== SOURCE DATA ==
Segment Open

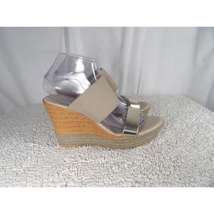 Comtesa Womens Brown Beige Designer Slip On Wedge Slide Sandals Size 8.5 M
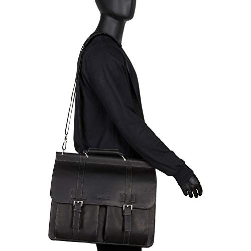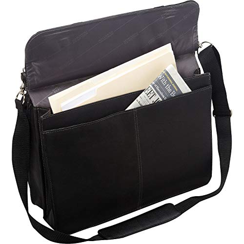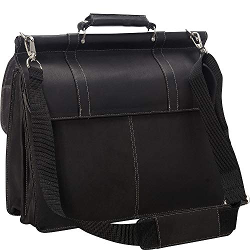 Details: Double gusset dowel rod portfolio computer case made in a rich full grain cowhide leather. Large, double gusset construction with secure tuck lock closures and fully lined interior. Front gusseted pockets have organizer features, including a cell phone pocket. Front compartment features a padded computer pocket to accommodate most laptops with up to a 15.4 inch screen. Rear compartment features easy access magnetic snap closure. Full length rear open top pocket. Sturdy top handle. Removable, adjustable and padded shoulder strap
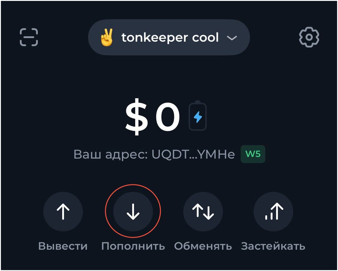 Tonkeeper поддерживает сеть TON и USDT (TRC20), поэтому пополнить баланс можно несколькими способами:
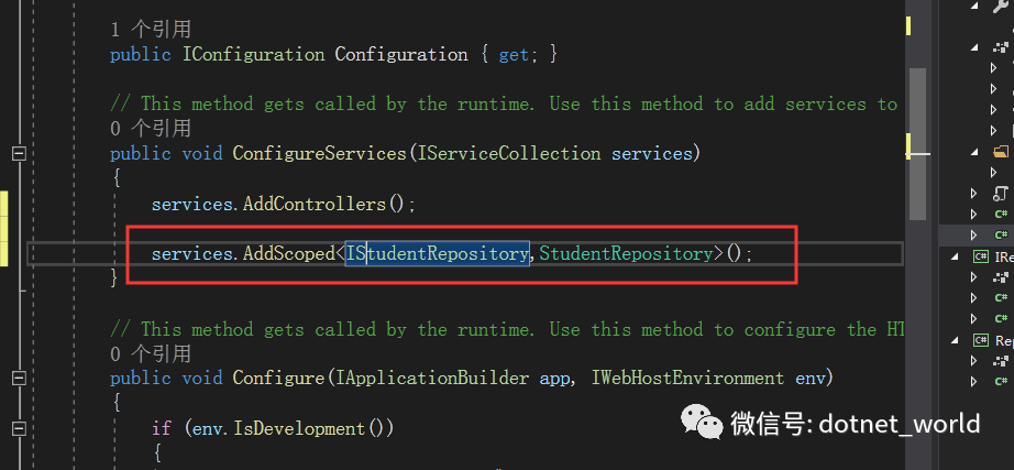 如上图,在Startup类的ConfigureServices方法当中注入。ConfigureServices这个东西是专门为我们的服务做准备工作的,怎么说呢,你警察执法需要警棍吧;大妈扫地需要扫帚吧,ConfigureServices里面其实就是为我们的服务注入所需要的工具,我们对象此时并没有说是被实例化,它只在你需要的时候,实例化,并注入到需要的对象当中去。
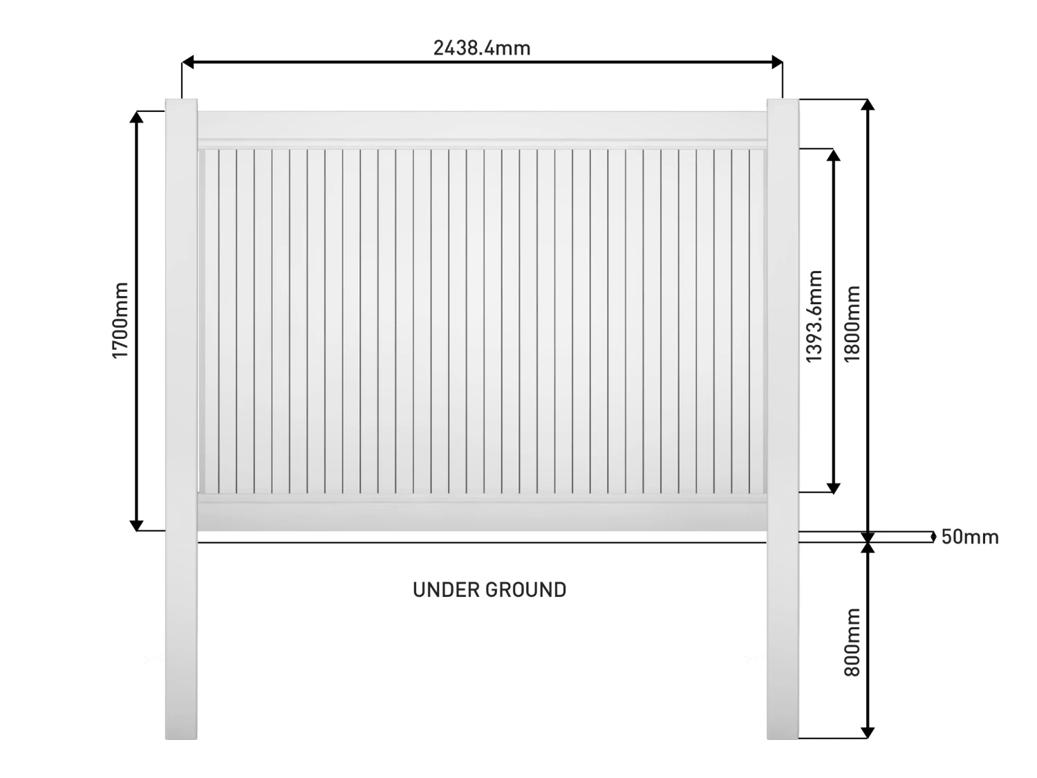 Panel Kit includes: 2 x rails, 8 x tongue & groove wall panels, 2 x U channels, 1x bottom rail alloy insert. This creates a single 1.7m x 2.4m fence panel (finished height 1.8m including posts, available separately). Please note this kit does not come with end posts.

Segment Closed

== ABOUT THIS EXERCISE ==
Set down word for word the lines beginning with the one containing "如上图,在Startup类的" and ending with the last line of the listing, inclusive. Omit every picture.

== RESPONSE AREA ==
 如上图,在Startup类的ConfigureServices方法当中注入。ConfigureServices这个东西是专门为我们的服务做准备工作的,怎么说呢,你警察执法需要警棍吧;大妈扫地需要扫帚吧,ConfigureServices里面其实就是为我们的服务注入所需要的工具,我们对象此时并没有说是被实例化,它只在你需要的时候,实例化,并注入到需要的对象当中去。
 Panel Kit includes: 2 x rails, 8 x tongue & groove wall panels, 2 x U channels, 1x bottom rail alloy insert. This creates a single 1.7m x 2.4m fence panel (finished height 1.8m including posts, available separately). Please note this kit does not come with end posts.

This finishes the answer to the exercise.